[Recorded data]
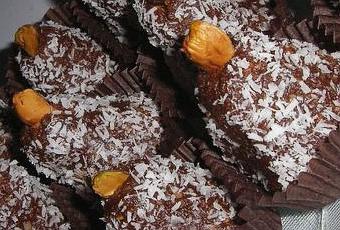 façonner a votre convenance en boules ,en pyramide ou autres enrouler dans la noix de coco ,décorer avec l'amande ou autres ,mettre dans des caissettes et consommer .
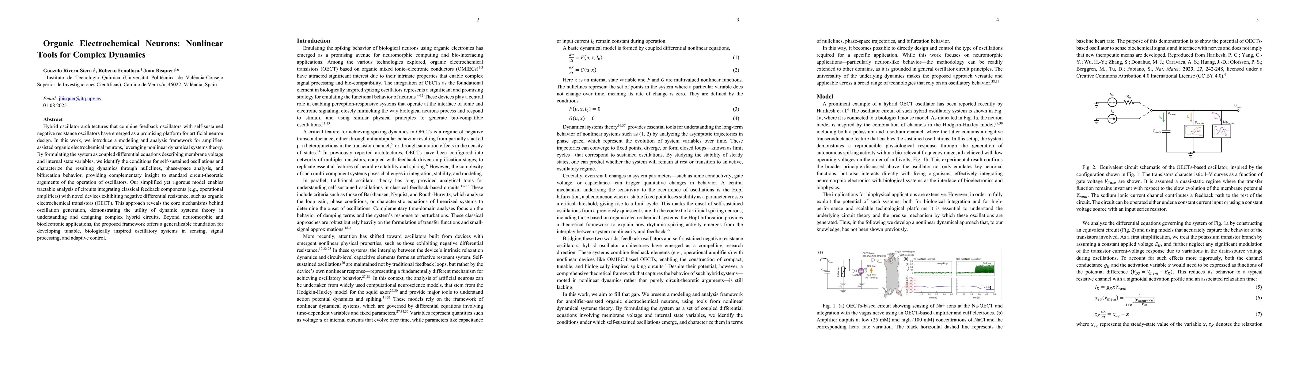 Hybrid oscillator architectures that combine feedback oscillators with self-sustained negative resistance oscillators have emerged as a promising platform for artificial neuron design. In this work, we introduce a modeling and analysis framework for amplifier-assisted organic electrochemical neurons, leveraging nonlinear dynamical systems theory. By formulating the system as coupled differential equations describing membrane voltage and internal state variables, we identify the conditions for self-sustained oscillations and characterize the resulting dynamics through nullclines, phase-space analysis, and bifurcation behavior, providing complementary insight to standard circuit-theoretic arguments of the operation of oscillators. Our simplified yet rigorous model enables tractable analysis of circuits integrating classical feedback components (e.g., operational amplifiers) with novel devices exhibiting negative differential resistance, such as organic electrochemical transistors (OECT). This approach reveals the core mechanisms behind oscillation generation, demonstrating the utility of dynamic systems theory in understanding and designing complex hybrid circuits. Beyond neuromorphic and bioelectronic applications, the proposed framework offers a generalizable foundation for developing tunable, biologically inspired oscillatory systems in sensing, signal processing, and adaptive control.
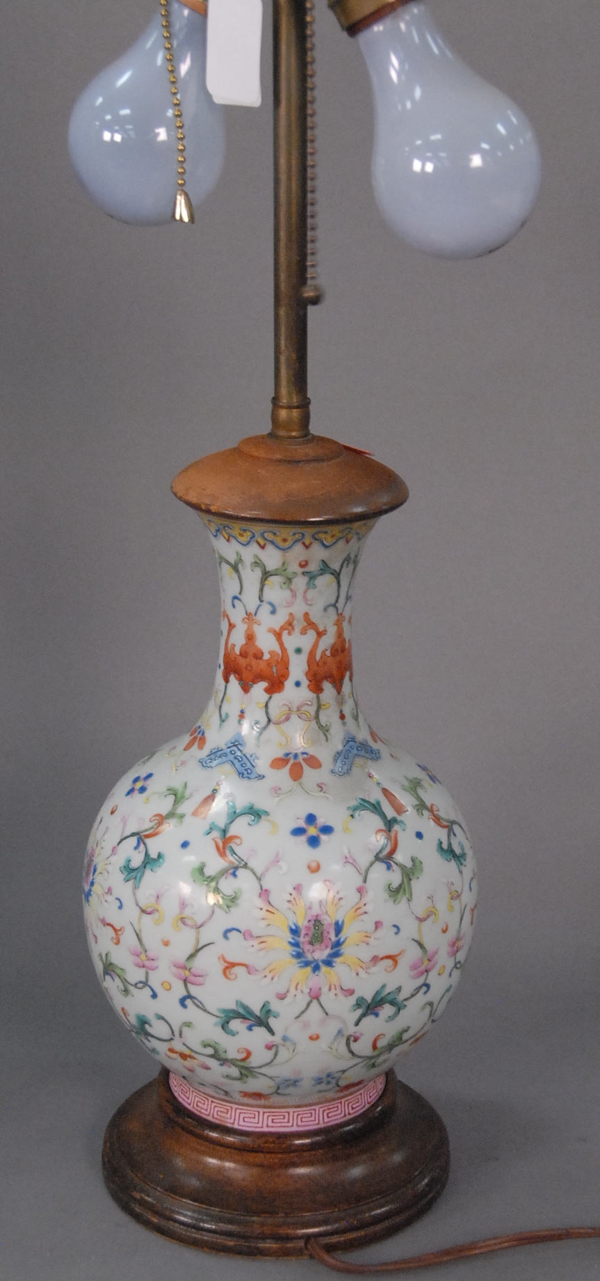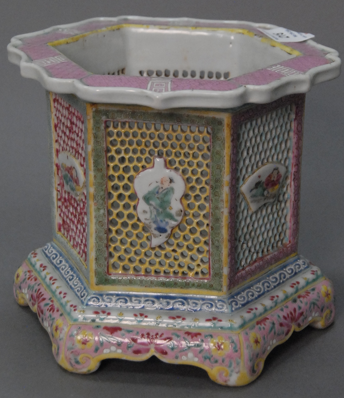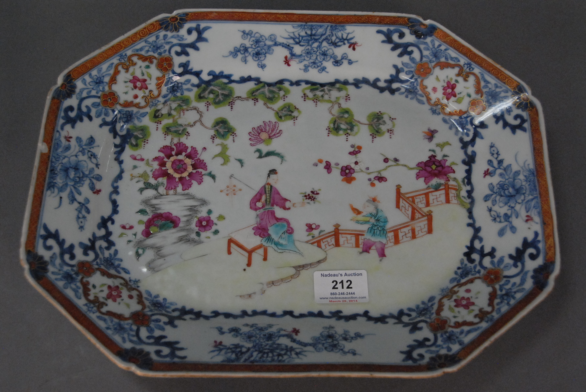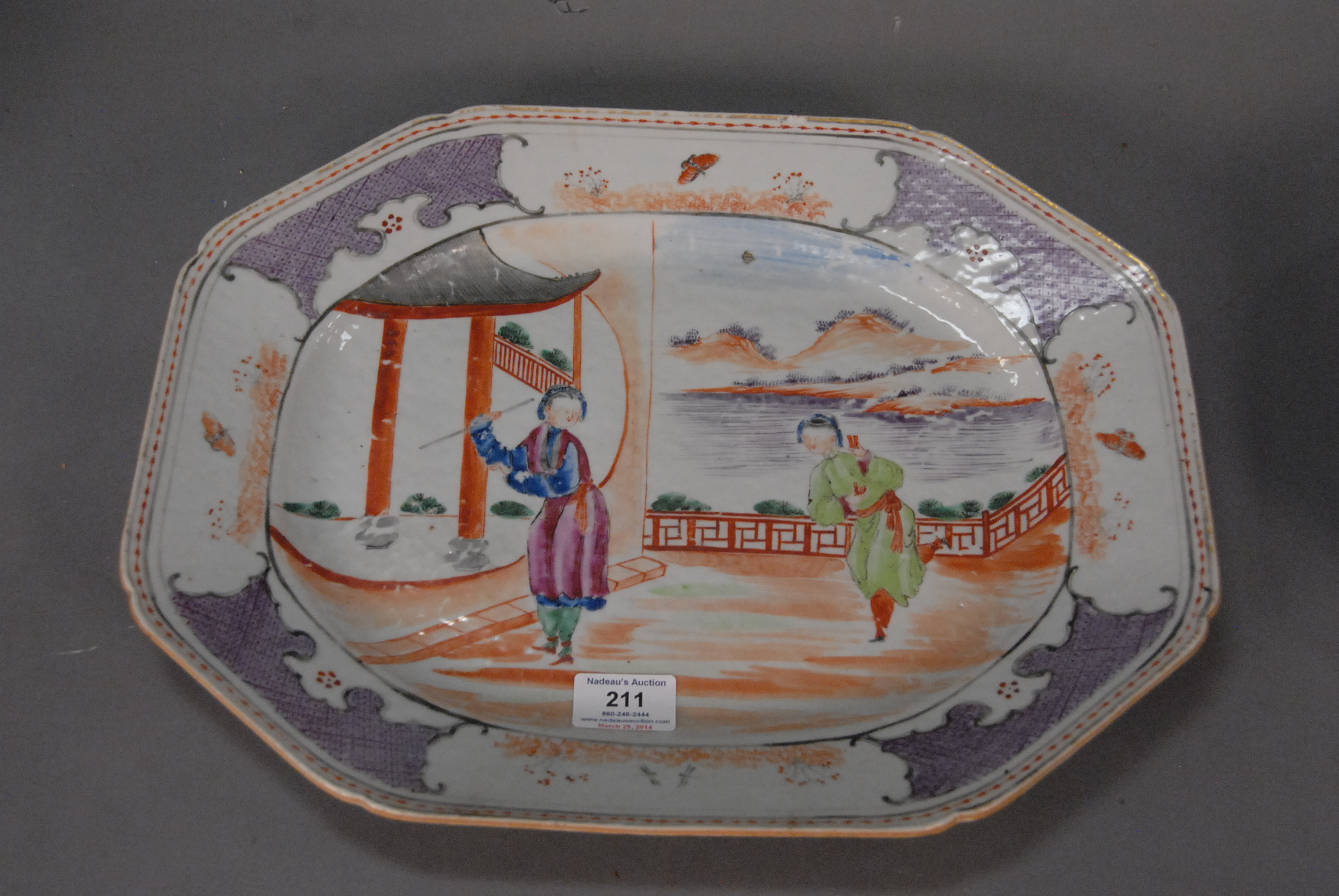 Chinese Export porcelain chamfered octagonal platter in tones of puce, iron-red, and chartreuse, late 19th century some overall wear. lg. 16in. wd. 13in.
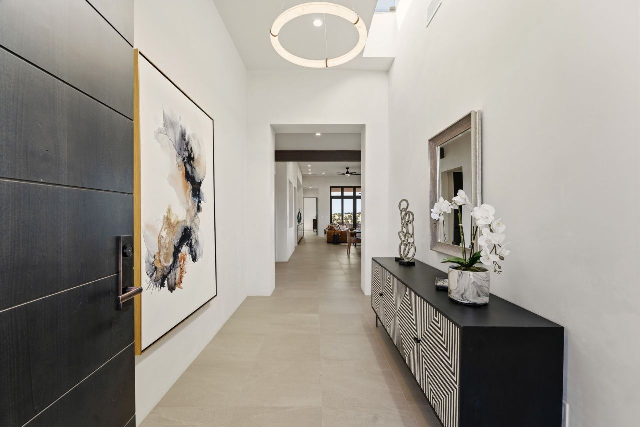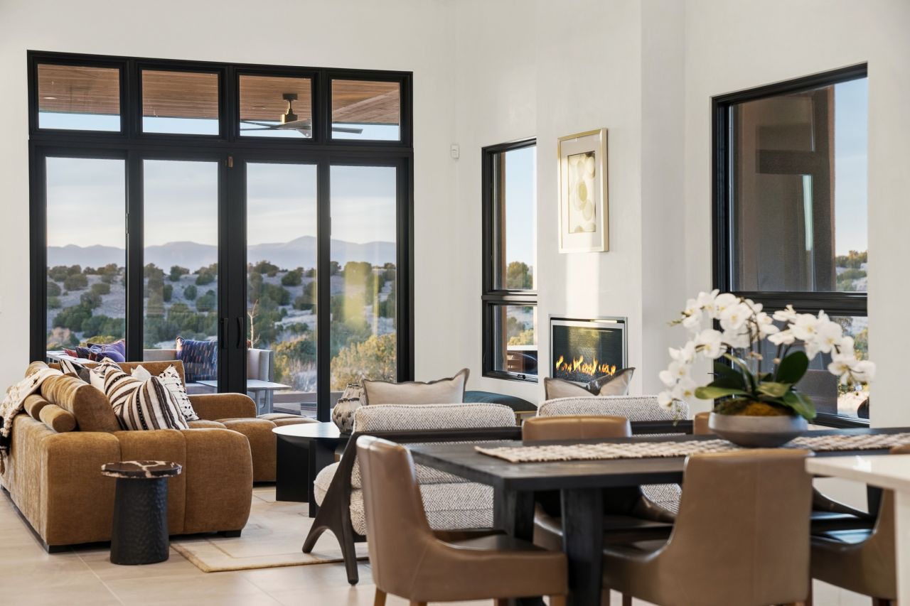 Newly completed and move-in ready, 9 Tierra Antigua (Lot #7) sits within one of Santa Fe's most thoughtfully conceived new communities ? a 44-acre high-desert enclave where more than half the land is preserved as open space, trails wind toward the horizon, and the Sangre de Cristo Mountains frame the morning sky. With homes designed by award-winning firms Five Ten Architecture and studioBOSE, Tierra Antigua honors Northern New Mexico's heritage with a modern eye for light, craft, and quiet luxury. Arete Homes of Santa Fe proudly presents the Stargazer Plan ? a 2,495-square-foot custom residence with 3 bedrooms and 3 baths (including two ¾ baths and a powder room). Contemporary Pueblo-style architecture blends seamlessly, capturing sweeping views of both the Jemez and Sangre de Cristo Mountains. A formal entry with expansive art walls and wall-wash skylights creates a gallery-like ambiance. Soaring vaulted ceilings in the great room flow into over 1,100 square feet of covered portal space ? perfect for year-round indoor-outdoor entertaining. The chef's kitchen features natural quartzite countertops, custom white oak cabinetry, a center island with wine refrigerator, and premium GE Monogram appliances including a 48 6-burner range with griddle and built-in refrigerator. An outdoor kitchen with built-in grill completes the entertaining experience. Luxury finishes throughout include quartzite backsplash, designer sconces, large-format porcelain tile, custom bath tile accents, customized closet systems, and two fireplaces. Located just 15 minutes from downtown Santa Fe and minutes from the Club at Las Campanas, Tierra Antigua offers privacy, natural beauty, and cultural access. Only 23 homesites total. HOA dues are just $167/month. This is more than a home ? it's an entry point into a community designed for those who want to live within Santa Fe's spirit every day. Additional homesites available for custom builds or from five curated plans.

[Required work]
An exact, image-free transcript of the material is required.

[Response area]
 façonner a votre convenance en boules ,en pyramide ou autres enrouler dans la noix de coco ,décorer avec l'amande ou autres ,mettre dans des caissettes et consommer .
 Hybrid oscillator architectures that combine feedback oscillators with self-sustained negative resistance oscillators have emerged as a promising platform for artificial neuron design. In this work, we introduce a modeling and analysis framework for amplifier-assisted organic electrochemical neurons, leveraging nonlinear dynamical systems theory. By formulating the system as coupled differential equations describing membrane voltage and internal state variables, we identify the conditions for self-sustained oscillations and characterize the resulting dynamics through nullclines, phase-space analysis, and bifurcation behavior, providing complementary insight to standard circuit-theoretic arguments of the operation of oscillators. Our simplified yet rigorous model enables tractable analysis of circuits integrating classical feedback components (e.g., operational amplifiers) with novel devices exhibiting negative differential resistance, such as organic electrochemical transistors (OECT). This approach reveals the core mechanisms behind oscillation generation, demonstrating the utility of dynamic systems theory in understanding and designing complex hybrid circuits. Beyond neuromorphic and bioelectronic applications, the proposed framework offers a generalizable foundation for developing tunable, biologically inspired oscillatory systems in sensing, signal processing, and adaptive control.
 Chinese Export porcelain chamfered octagonal platter in tones of puce, iron-red, and chartreuse, late 19th century some overall wear. lg. 16in. wd. 13in.
 Newly completed and move-in ready, 9 Tierra Antigua (Lot #7) sits within one of Santa Fe's most thoughtfully conceived new communities ? a 44-acre high-desert enclave where more than half the land is preserved as open space, trails wind toward the horizon, and the Sangre de Cristo Mountains frame the morning sky. With homes designed by award-winning firms Five Ten Architecture and studioBOSE, Tierra Antigua honors Northern New Mexico's heritage with a modern eye for light, craft, and quiet luxury. Arete Homes of Santa Fe proudly presents the Stargazer Plan ? a 2,495-square-foot custom residence with 3 bedrooms and 3 baths (including two ¾ baths and a powder room). Contemporary Pueblo-style architecture blends seamlessly, capturing sweeping views of both the Jemez and Sangre de Cristo Mountains. A formal entry with expansive art walls and wall-wash skylights creates a gallery-like ambiance. Soaring vaulted ceilings in the great room flow into over 1,100 square feet of covered portal space ? perfect for year-round indoor-outdoor entertaining. The chef's kitchen features natural quartzite countertops, custom white oak cabinetry, a center island with wine refrigerator, and premium GE Monogram appliances including a 48 6-burner range with griddle and built-in refrigerator. An outdoor kitchen with built-in grill completes the entertaining experience. Luxury finishes throughout include quartzite backsplash, designer sconces, large-format porcelain tile, custom bath tile accents, customized closet systems, and two fireplaces. Located just 15 minutes from downtown Santa Fe and minutes from the Club at Las Campanas, Tierra Antigua offers privacy, natural beauty, and cultural access. Only 23 homesites total. HOA dues are just $167/month. This is more than a home ? it's an entry point into a community designed for those who want to live within Santa Fe's spirit every day. Additional homesites available for custom builds or from five curated plans.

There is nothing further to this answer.